What to produce :: All the lines below need retyping exactly, apart from the images.

Stored data ::
· · ·
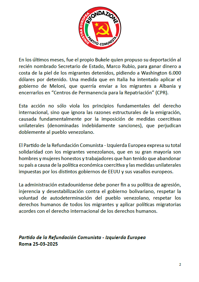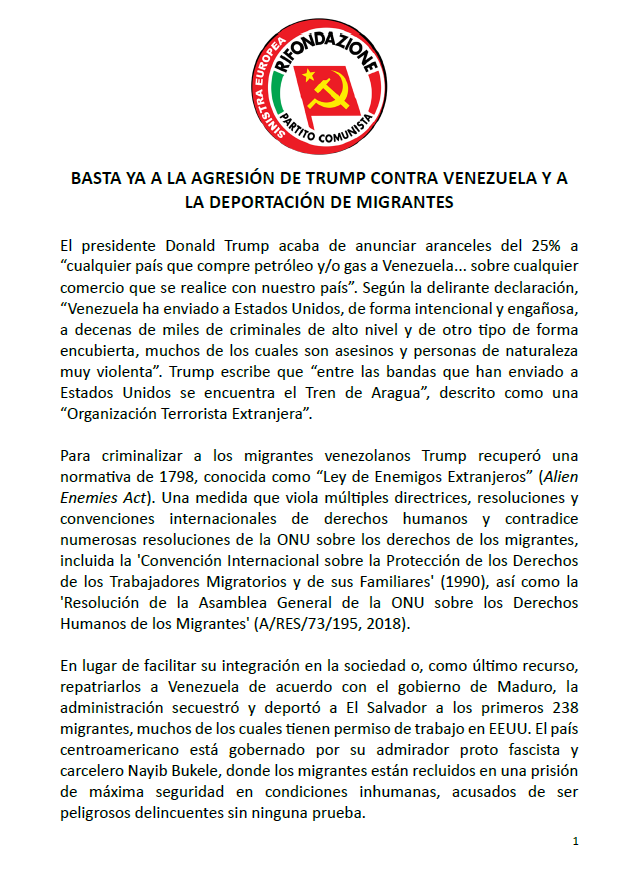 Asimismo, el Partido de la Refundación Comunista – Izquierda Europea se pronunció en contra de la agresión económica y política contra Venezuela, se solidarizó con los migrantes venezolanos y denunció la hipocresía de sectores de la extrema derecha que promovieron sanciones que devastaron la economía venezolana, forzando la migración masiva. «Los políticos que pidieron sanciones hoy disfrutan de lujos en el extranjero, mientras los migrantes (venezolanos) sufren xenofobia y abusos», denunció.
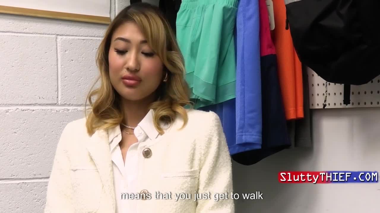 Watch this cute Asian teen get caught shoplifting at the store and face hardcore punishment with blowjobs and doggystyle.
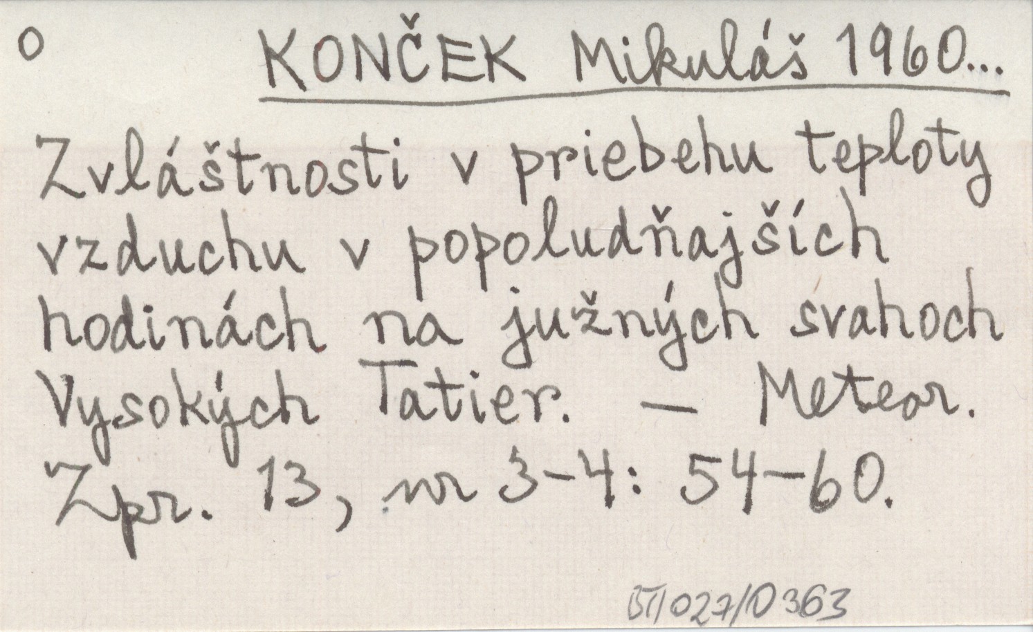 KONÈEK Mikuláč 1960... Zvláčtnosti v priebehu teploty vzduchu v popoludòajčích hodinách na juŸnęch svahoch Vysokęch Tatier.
· · ·
Response to the exercise ::
 Asimismo, el Partido de la Refundación Comunista – Izquierda Europea se pronunció en contra de la agresión económica y política contra Venezuela, se solidarizó con los migrantes venezolanos y denunció la hipocresía de sectores de la extrema derecha que promovieron sanciones que devastaron la economía venezolana, forzando la migración masiva. «Los políticos que pidieron sanciones hoy disfrutan de lujos en el extranjero, mientras los migrantes (venezolanos) sufren xenofobia y abusos», denunció.
 Watch this cute Asian teen get caught shoplifting at the store and face hardcore punishment with blowjobs and doggystyle.
 KONÈEK Mikuláč 1960... Zvláčtnosti v priebehu teploty vzduchu v popoludòajčích hodinách na juŸnęch svahoch Vysokęch Tatier.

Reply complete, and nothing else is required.